Students arrive in your classroom from where?

They come from different places — Rikers, the Bronx House of Detention, various state prisons. Some are on probation; some are sent here as an alternative to incarceration. Sometimes they are referred from drug rehab, and I have to speak to their counselors to make sure a student is really clean and ready for the classroom, based on drug testing twice a week.

What draws you to working with this population?

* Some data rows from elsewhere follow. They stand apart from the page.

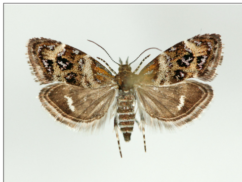
Fig. 7. Tebenna micalis (Mann, 1857). Hun, NEZ: Birkerød, 11 mm.

Genitalierne afbildes hos Diakonoff (1986).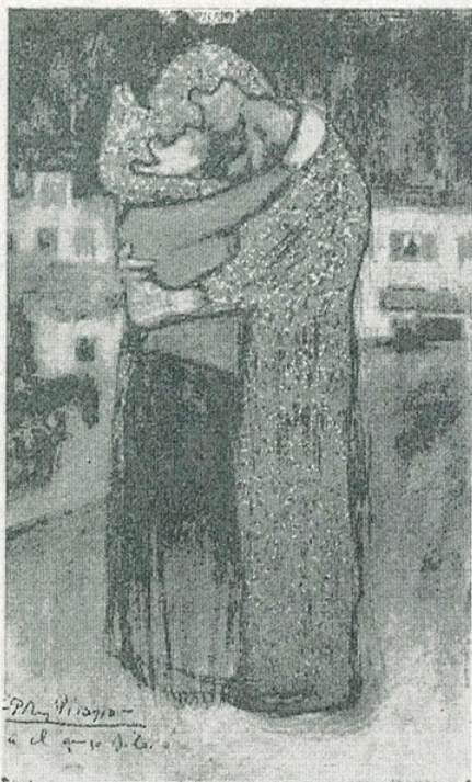
✓ P. R. Picasso. — «Apache» (Museu d'Art de Catalunya) MPB 4263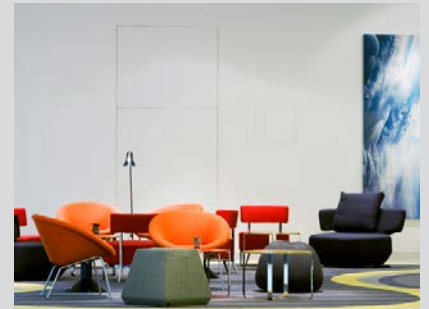
andel`s Hotel Berlin

Neben der Haptik kommt natürlich auch der Optik eine entscheidende Bedeutung zu. Hi-Fi, Video und PC-Technik verschmelzen zunehmend miteinander. Im Zuge dieser Entwicklung wandert der Computer auch ins Wohnzimmer und fungiert dort als Multimedia-Zentrale. Die gute alte Stereoanlage ist aber immer noch zentraler Mittelpunkt in den Wohnzimmern dieser Welt und erlebt gerade ein Revival, nicht nur als Retro-Objekt, sondern vielmehr auch als optimale Voraussetzung für einen tollen Sound. Durch die Digitalisierung ist jedoch auch eine neue Mobilität entstanden. Via Bluetooth, Kabel oder WLAN kann überall der Lieblingsmusik gelauscht werden. Auf der HIGH END ON TOUR können die Besucher nicht nur hochwertige HiFi- und Heimkino-Komponenten mit bester Wiedergabetechnik und überragender Tonqualität erleben, sondern auch edle Designjuwelen, die integrierter Bestandteil des modernen Wohnens sind.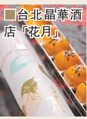
台北晶華酒店「花月」

而澳門美高梅則自家製限量「迷你朱古力月餅」，朱古力夾心內餡質軟滑細膩，共有三款不同的創新口味：黑蒜豆奶口味，選用擁有「黑鑽石」美譽的黑蒜頭製作，新奇的食材搭配別出心裁；蜂蜜迷迭香口味，

I worked with a similar population before, but younger. When I started working at Osborne 18 months ago I was pretty taken up with it; I had never met people who served such a long time in prison. I have one student who served 23 years and is taking his GED soon. The structure, counseling and intervention here at Osborne helps them a lot and it’s fulfilling to see them looking at life a different way, and to be part of that.

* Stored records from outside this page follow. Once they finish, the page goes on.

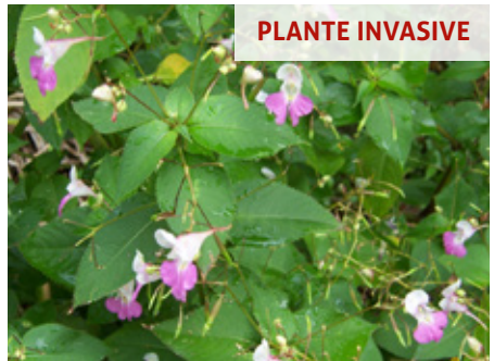
Balsamine de Balfour Impatiens balfourii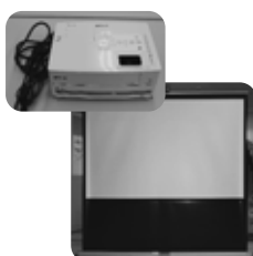
DVD内蔵プロジェクターほか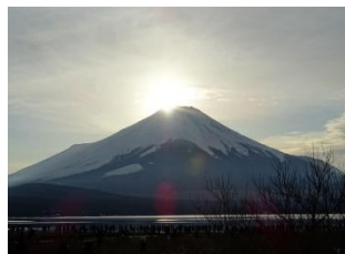
ダイヤモンド富士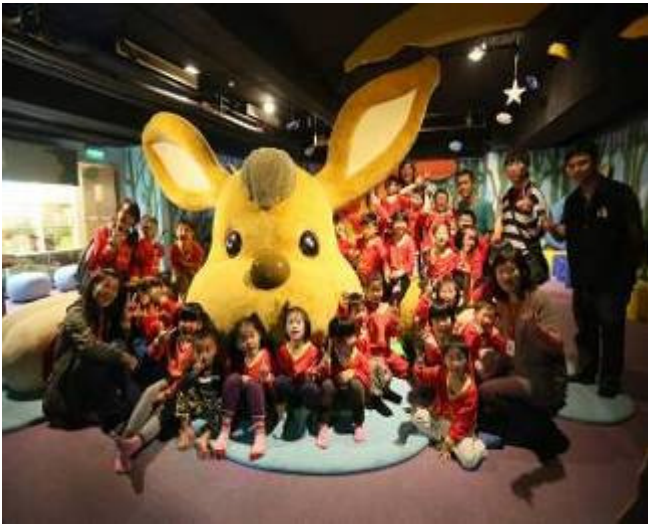
插角國小附幼 於兒館-大奇幻獸區前合影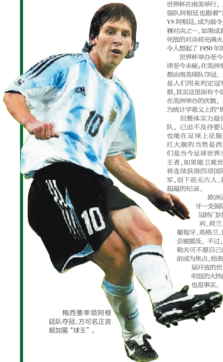
梅西要率领阿根廷队夺冠,方可名正言顺加冕“球王”。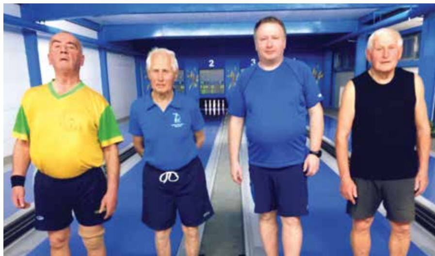
Udeleženci moških dvobojev

Športna zveza Škofja Loka je po koncu sezone 2023/2024 objavila končne rezultate tekmovanja za »NAJKEGLJAČA IN NAJKEGLJAČICO«. V točkovanju tega tekmovanja so upoštevani krompirjev in novoletni turnir, trije krogi medobčinske lige, posamično prvenstvo in prvenstvo dvojic.

Is it hard not to judge students by their crimes?

There are so many different things listed I don’t remember who did what! But sometimes I’ll see what students did when I have to put something in their folders: using and selling drugs, robberies, serious felonies, murder. I don’t judge them; different situations cause different things. For one example, a student lost his parents very young and was in and out of abusive foster homes. He took to life on the streets to look for love and family. I don’t judge that.

So what’s a typical day with these atypical students?

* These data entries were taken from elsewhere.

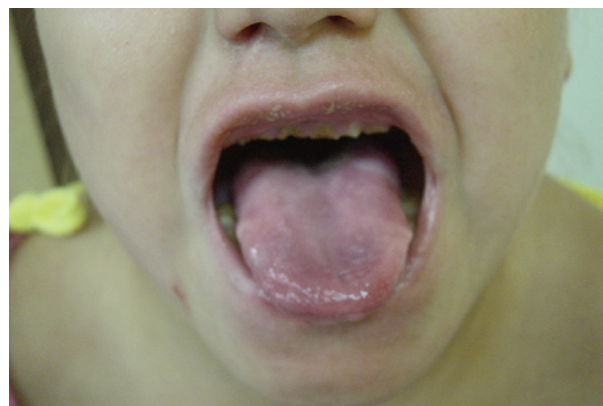
Figura 1: Excoriaciones en labios, lengua y desgaste dental severo

Figure 1: Excoriations on the lips and the tongue and severe dental wear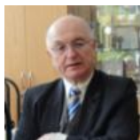
Эдуардас Габнис (Литва) председатель комиссии

профессор Литовской академии музыки и театра (ректор 2005-2011), эксперт в области высшего музыкального образования, администрирования учебных заведений музыкального образования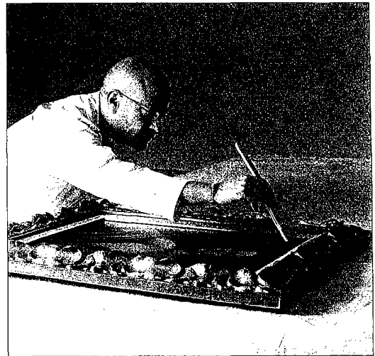
La limpieza de las obras, una tarea delicada. LA OPINIÓN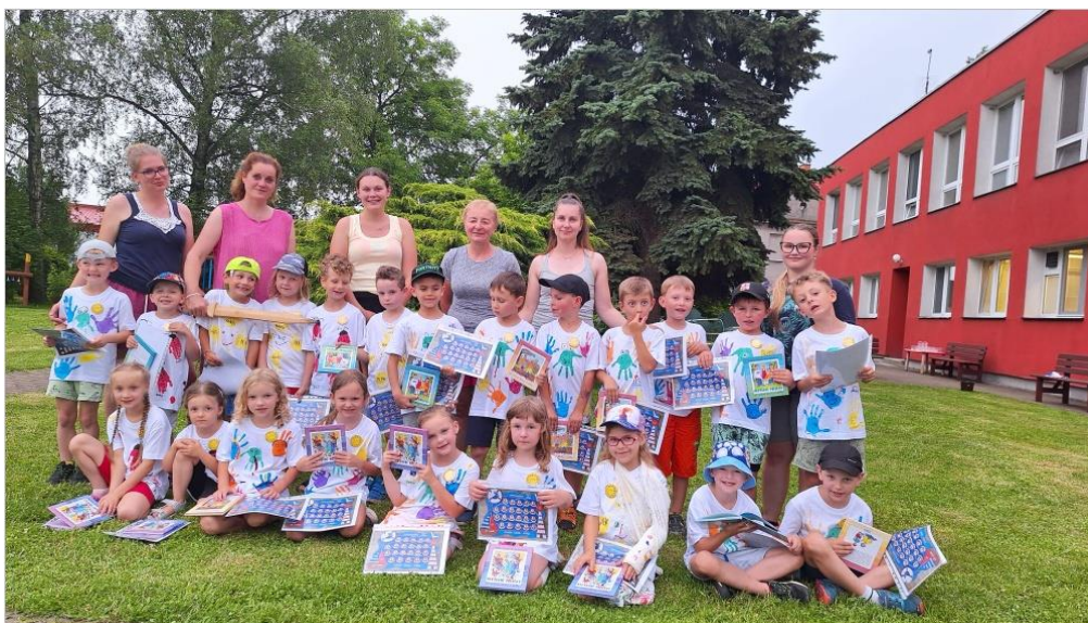
Noc ve školce s pasováním předškoláků, červen 2024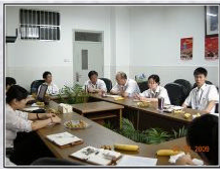
轮岗人员交流会现场

结语： 最后请允许我借用唐馆长的一句话作为结语：“轮岗交流的这一年时间，大家可以把它看作是人生旅途的一个车站，无论接下来是继续前行抑或回到原来的轨道，重要的是我们去充分感受这个探索的过程。”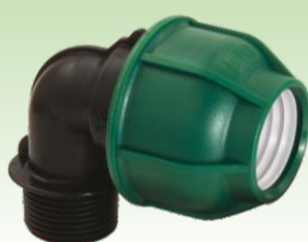
Lakat spojnica sa vanjskim navojem PN10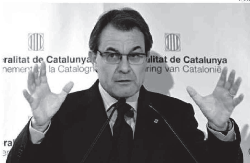
PRESIDENTE. Mas insiste en el derecho de los catalanes a pronunciarse en una consulta

La posibilidad de realizar una consulta es "lo importante" y, por tanto, a lo que se ha comprometido a hacer en la próxima legislatura si logra una amplia mayoría en las elecciones del próximo 25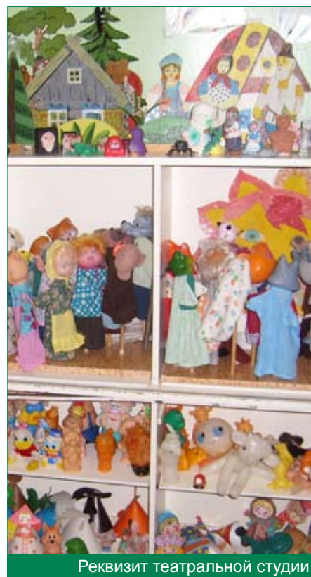
Реквизит театральной студии

Большинство детей к окончанию детского сада относится к природе положительно, в их поведении практически не наблюдается негативных проявлений. Они с удовольствием общаются с животными, наблюдают за их жизнью, охотно откликаются на просьбу взрослых помочь в делах. У детей сформирован широкий круг представлений о природе, они достаточно уверенно ориентируются в правилах поведения в природе, стараются их придерживаться. Мотивом бережного отношения к животным и растениям выступает понимание ценности жизни, проявление гуманного отношения к любому живому существу, стремление к совершению добрых поступков.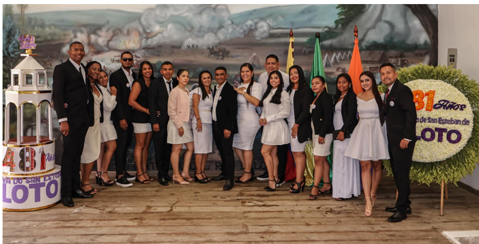
La Administración Municipal de Caloto en la celebración de los 481 años de Caloto reiteró su compromiso de trabajar por el pueblo caloteño.

Para destacar el apoyo que la comunidad le ofreció a la Administración Municipal para realizar estos grandes eventos.

In the morning, I have tutorial classes for my struggling students. In the afternoons, I teach regular classes for the GED. On my own time, I do math refreshers in our Green Career Center. I’ve been commended for doing that — they said they should name a classroom for me! — and I was flabbergasted, but it felt good to have my work recognized.

What are the challenges?

I don’t have many! The guys come along and do what they’re supposed to do. I have the backing of the counselor and program director, and everything runs well. Very few students wind up back in the system. Many get inspired to turn their lives around. Last year 12 of my students got their GEDs.

So the gratifications outweigh the challenges. Still, any hard moments?

One heartbreak, when a student fell by the wayside. He missed his GED by three points. I spoke to him easy, I spoke to him hard. He was just letting his life go. His parents gave up on him. He got hooked on artificial marijuana, K2, and missed retaking the GED. Eventually he was remanded to prison.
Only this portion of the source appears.